The reparameterize trick is how we backpropagate gradients through the sampling process. If we just sampled directly from $\mathcal{N}(\mu, \sigma^2)$, the sampling operation would be a black box, and gradients wouldn’t flow. By introducing a random variable $\epsilon \sim \mathcal{N}(0, 1)$ and re-expressing the sample as $\mu + \sigma \cdot \epsilon$, we’ve moved the randomness outside the deterministic part of the computation. Now, the gradient can flow back through $\mu$ and $\sigma$.
When you train this, you’ll see the loss decrease. The reconstruction loss will drop as the VAE gets better at turning an image into a latent code and back. The KL divergence will also decrease, meaning the latent distributions are becoming more like standard normal distributions.

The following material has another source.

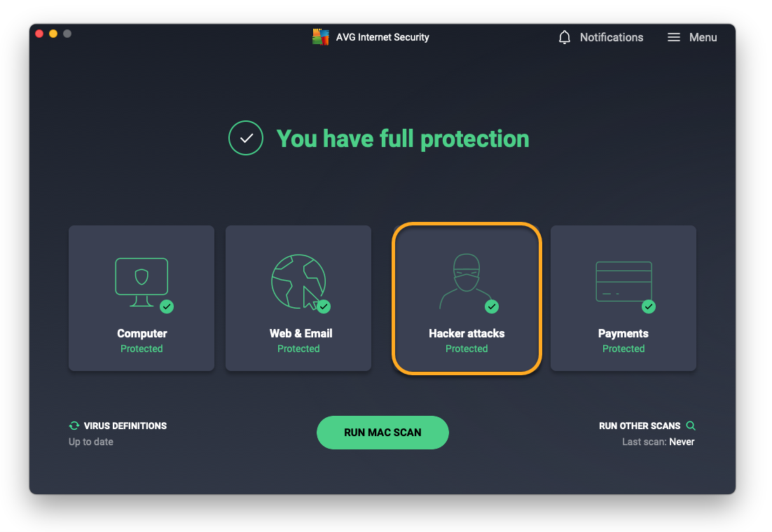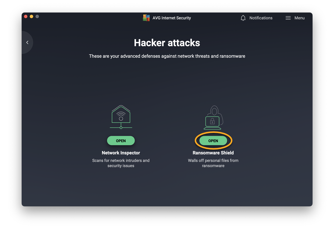 - Open AVG Internet Security and click the Hacker attacks tile.
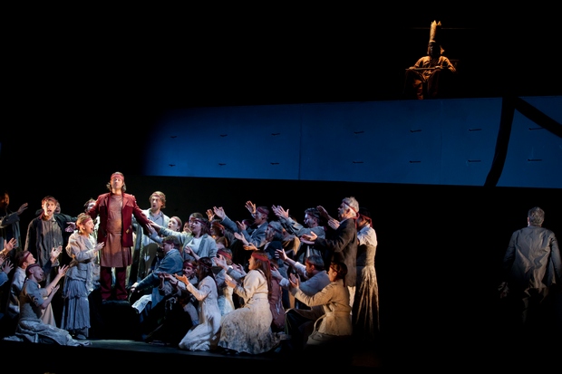 Un Belshazzar triomphal ! Créé en 1745, Belshazzar connut une seconde série de représentations en 1751 à Covent Garden, dans une version remaniée et allégée, puis une troisième production en 1758. René Jacobs a choisi de reprendre la version originale de la création, augmentée d'un air de Cyrus extrait du premier acte de la seconde version et replacé au début du second acte. Pour la composition du livret, le Cher Saxon avait fait appel à un mécène et érudit de l'époque, Charles Jennens (qui composa également le livret du Messie). Celui-ci, pétri de foi envers la religion chrétienne, a puisé ses sources dans des textes bibliques (livres de Daniel, d'Isaïe et de Jérémie, Psaumes) mais aussi des textes historiques (d'Hérodote et Xénophon). Grâce à un génie théâtral incontestable, il en assembla les éléments les plus saisissants (conquête de Babylone par Cyrus II, festin de Balthazar, inscirption d'une prophétie sur un mur) pour construire un enchaînement dramatique inexorable, commandé par la volonté divine. L'efficacité en est renforcée par une trame très épurée. Au premier acte, tandis que Nitocris, mère de Belshazzar, craint la chute de l'empire babylonien, les Perses et les Mèdes assemblés devant la ville préparent leur entrée triomphale, qu'ils projettent d'effectuer lors de la fête païenne de Sésach. De leur côté, les Juifs captifs rassemblés autour de Daniel écoutent la prophétie de leur libération prochaine. Impavide, Belshazzar prépare dans son palais un somptueux festin pour les festivités païennes, sous les reproches de sa mère. Au second acte, après que les Perses aient réussi à détourner le fleuve qui protège la ville, Belshazzar s'adonne à son banquet, en buvant dans les coupes sacrées prises dans le Temple de Jérusalem. Une prophétie s'inscrit alors sur les murs, que seul Daniel peut interpréter :"compté, pesé, divisé". Les jours de règne de Belshazzar sont comptés, ses minces actions pesées, son royaume sera divisé entre Mèdes et Perses ! Tandis que Cyrus envahit la ville, Nitocris supplie son fils de se repentir. Au troisième acte, tandis que sa mère attend toujours un geste de remords, Arioch annonce que Belshazzar a choisi de poursuivre le banquet impie. Cyrus est désormais dans les murs du palais, et Belshazzar décide de l'affronter mais périt dans le combat. Victorieux, Cyrus fait preuve de clémence, et annonce qu'il rebâtira la cité des Juifs. Les décors contemporains dépouillés de Roland Aeschlimann mettent en valeur ce livret riche en événements. L'intensité dramatique est amplifiée par la mise en scène très explicite, parfois osée (les simulacres d'acte sexuel de Belshazzar sur un jeune danseur, ou sa danse incestueuse avec Nitocris, lors des préparatifs du banquet...) de Christof Nel, dont l'efficacité est soulignée par les éclairages contrastés d'Olaf Freese. Les costumes de Bettina Walter, soignés, sont assez intemporels pour ne pas choquer par une modernité excessive ni verser dans une antiquité de pacotille. Certains sont cependant bien improbables, comme la tenue militaire de Cyrus (au deuxième acte), agrémentée d'une étrange jupette orange ! A noter en revanche les hautes coiffes dorées de Belshazzar, un peu improbables elles aussi, mais tellement évocatrices d'une antiquité revue à la mode baroque !

The magic happens when you sample from $\mathcal{N}(0, 1)$ (the prior distribution we regularized towards) and pass those samples through the decoder. Because the latent space is regularized to be continuous and centered around zero, sampling points from it and decoding them should produce new data that resembles the training data.
The next hurdle you’ll likely face is understanding how to interpret the learned latent space. What do the different dimensions of z actually represent, and how can you manipulate them to control generated outputs?